Index: clang-tools-extra/clangd/support/ThreadCrashReporter.h
===================================================================
--- /dev/null
+++ clang-tools-extra/clangd/support/ThreadCrashReporter.h
@@ -0,0 +1,48 @@
+//===--- ThreadCrashReporter.h - Thread local signal handling ----*- C++-*-===//
+//
+// Part of the LLVM Project, under the Apache License v2.0 with LLVM Exceptions.
+// See https://llvm.org/LICENSE.txt for license information.
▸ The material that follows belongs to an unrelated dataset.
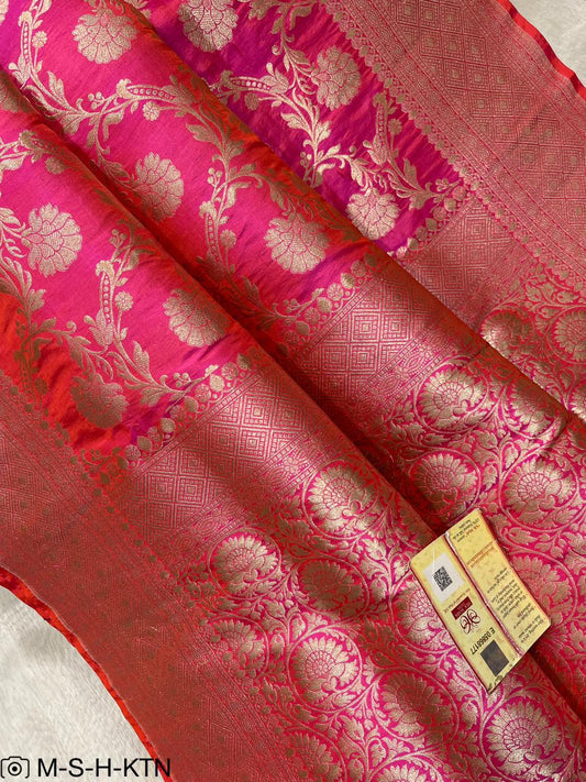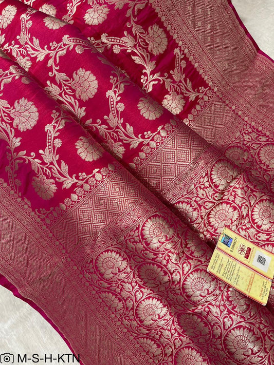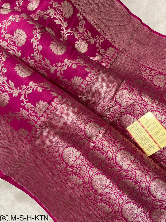 Rani Pink Pure Handloom Katan Cutwork Elegant Banarasi Saree
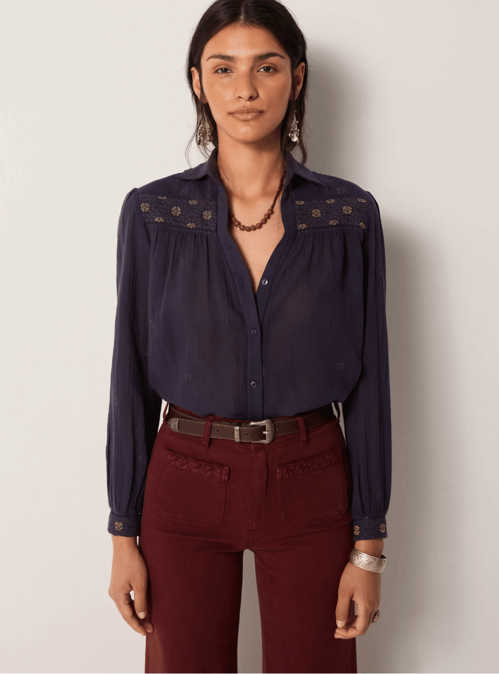 Des motifs floraux parsèment les épaules et les poignets, brodés dans des tons bleu marine et encre. La broderie brille subtilement, révélée par la lumière.

+// SPDX-License-Identifier: Apache-2.0 WITH LLVM-exception
+//
+//===----------------------------------------------------------------------===//
+
+#ifndef LLVM_CLANG_TOOLS_EXTRA_CLANGD_SUPPORT_THREAD_CRASH_REPORTER_H
+#define LLVM_CLANG_TOOLS_EXTRA_CLANGD_SUPPORT_THREAD_CRASH_REPORTER_H
+
+#include <functional>
+
+namespace clang {
+namespace clangd {
+
+/// Allows setting per-thread abort/kill signal callbacks, to print additional
+/// information about the crash depending on which thread got signalled.
+class ThreadCrashReporter {
+public:
+  using SignalCallback = std::function<void(void)>;
+
+  /// Copies the std::function and sets the copy as current thread-local
+  /// callback. Asserts if the current thread's callback is already set.
+  ThreadCrashReporter(const SignalCallback &ThreadLocalCallback);
+  /// Resets the currrent thread's callback to nullptr.
+  ~ThreadCrashReporter();
+
+  /// Moves are disabled to ease nesting and escaping considerations.
+  ThreadCrashReporter(ThreadCrashReporter &&RHS) = delete;
+  ThreadCrashReporter(const ThreadCrashReporter &) = delete;
+  ThreadCrashReporter &operator=(ThreadCrashReporter &&) = delete;
+  ThreadCrashReporter &operator=(const ThreadCrashReporter &) = delete;
+
+  /// Callback to install via sys::AddSignalHandler(), the argument is ignored.
+  /// Any signal filtering is the responsibility of the caller.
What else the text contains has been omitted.